Da das Berufungsgericht insbesondere die Vertragstexte nicht mitgeteilt hat, ist unklar, welcher Art die Reparaturen waren und ob die in Auftrag gegebenen Wartungsarbeiten sich auf Kleinigkeiten, wie zum Beispiel einen Ölwechsel, beschränkten oder ob es sich um eine größere Inspektion handelte, die möglicherweise aus der berechtigten Sicht des Fahrzeughalters, auf deren Einbeziehung in den Vertrag der Betreiber der Werkstatt sich nach Treu und Glauben mit Rücksicht auf die Verkehrssitte einlassen musste, einer umfassenden Prüfung der Verkehrssicherheit des Fahrzeugs dienen sollte und bei der er von dem Vertragshändler die Berücksichtigung von Fehlerwarnungen erwarten durfte. Auch zu etwaigen Äußerungen der Parteien bei Vertragsschluss und zu den herrschenden Usancen hat das Berufungsgericht keine Feststellungen getroffen.
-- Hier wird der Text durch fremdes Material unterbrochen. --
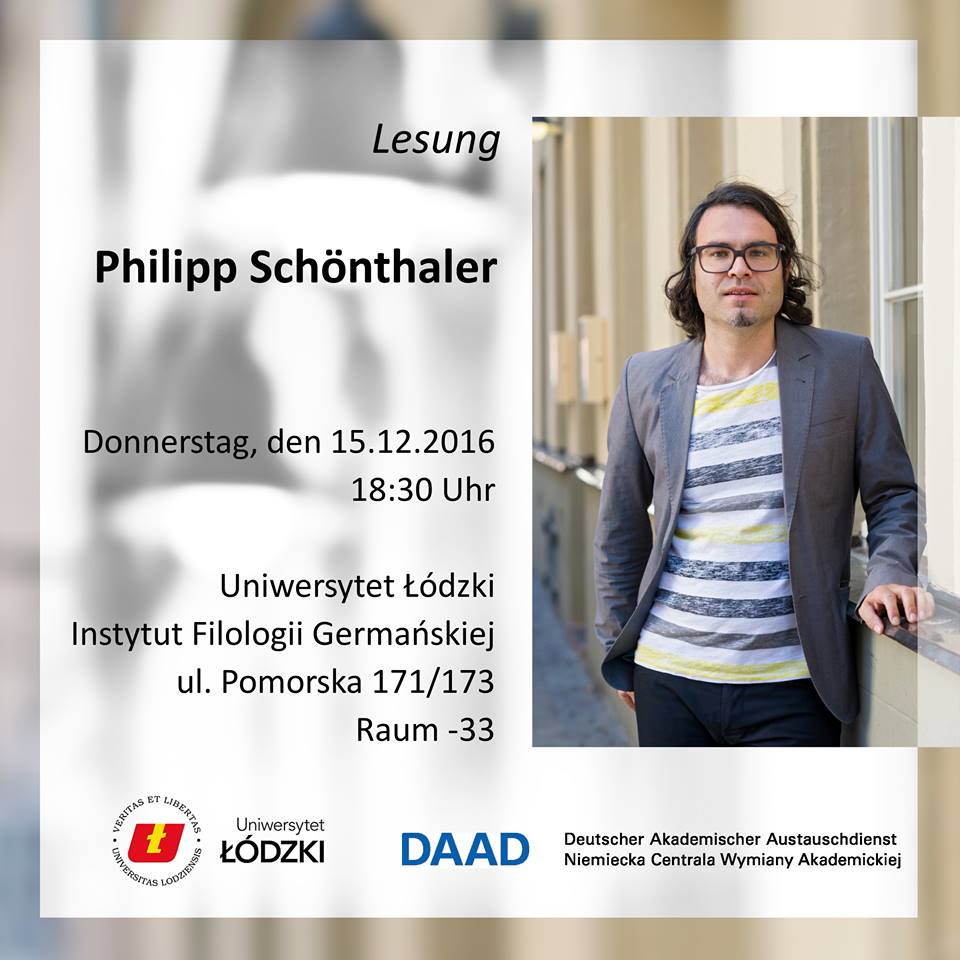 Instytut Filologii Germańskiej UŁ serdecznie zaprasza na spotkanie z niemieckim pisarzem Philippem Schönthalerem, które odbędzie się 15 grudnia o godz. 18:30 w sali -33 budynku Wydziału Filologicznego UŁ (ul. Pomorska 171/173).
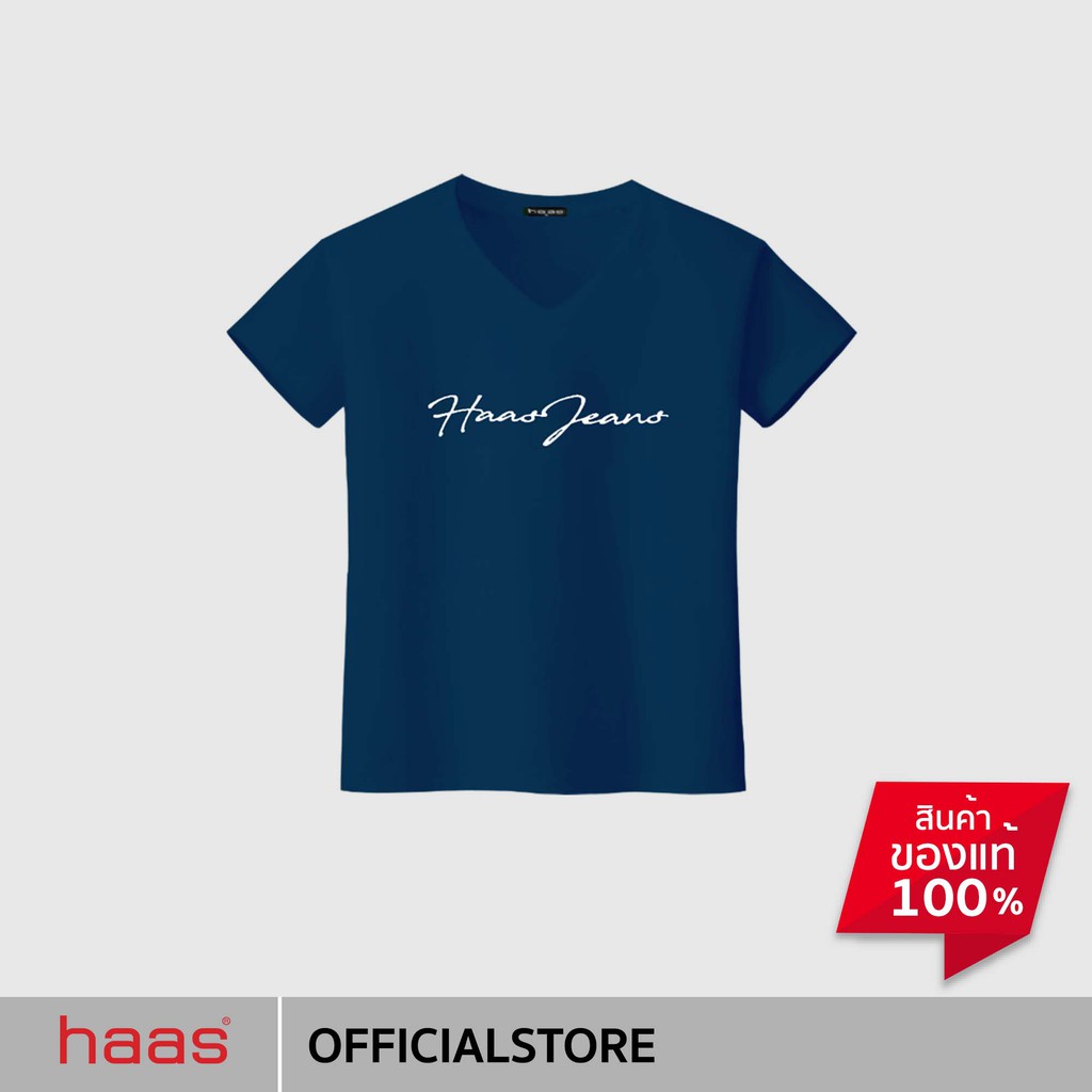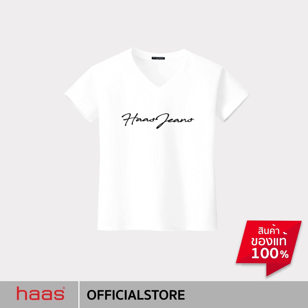haas เสื้อยืดผู้หญิง คอวี แขนสั้น ลายสกรีน Haas Jeans HHVK2320
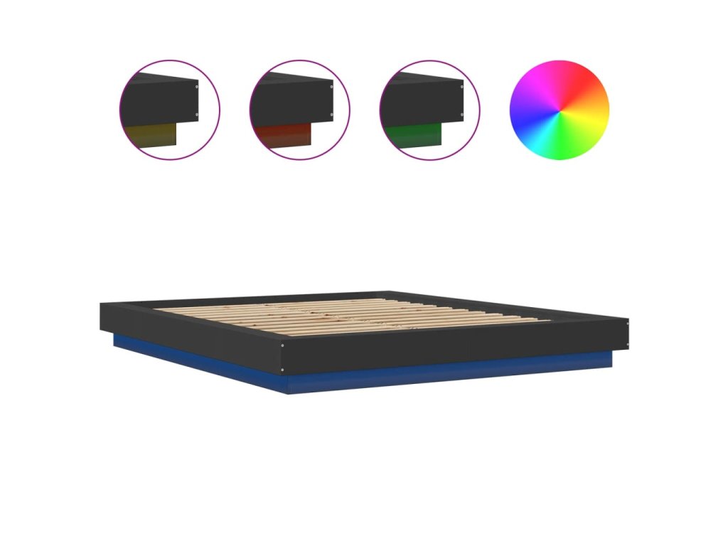 Multidom Posteľný rám s LED svetlami čierny 160x200 cm kompozitné drevo

Auf der Grundlage der bisherigen unzureichenden Tatsachenfeststellungen ist die revisionsrechtliche Überprüfung der vom Berufungsgericht gefundenen Vertragsauslegung nicht möglich.
2. Der erkennende Senat kann auch nicht etwa eine eigene Sachentscheidung dahin treffen, dass die Klage aus dem – vom Berufungsgericht nicht geprüften – Gesichtspunkt eines Vertrages mit Schutzwirkungen zugunsten Dritter begründet ist. Bei diesem steht der Anspruch auf die geschuldete Hauptleistung allein dem Gläubiger zu, ist jedoch der Dritte in der Weise in den Vertrag einbezogen, dass er bei der Verletzung vertraglicher Sorgfalts- oder auch Hauptleistungspflichten eigene vertragliche Schadensersatzansprüche geltend machen kann. Hier scheidet ein Vertrag mit Schutzwirkung zugunsten Dritter aber aus, weil das Berufungsgericht eine Weisung des Herstellers an die Vertragshändler zur Fehlerbeseitigung auch an Fahrzeugen, die sie nicht selbst ausgeliefert hatten, verneint und im Gegenteil festgestellt hat, dass der Hersteller nur die Auslieferer anwies, an den von ihnen selbst ausgelieferten Fahrzeugen den Konstruktionsmangel zu beheben. Zu einer anderen rechtlichen Beurteilung sieht der erkennende Senat keinen Anlass. Die Frage, ob der Hersteller überhaupt die Rechtsmacht hatte, seine Vertragshändler zur Fehlerbeseitigung bei jedem mehr oder weniger zufällig in ihrer Werkstatt erscheinenden Fahrzeug zu verpflichten, die ohne Kenntnis der Händlerverträge nicht zu beantworten ist, kann daher offenbleiben.
3. Da die Entscheidung somit von der Auslegung der Reparatur- und Werkverträge abhängt, ist das angefochtene Urteil aufzuheben und die Sache an das Berufungsgericht zurückzuverweisen, damit es den Erklärungstatbestand aufklären kann.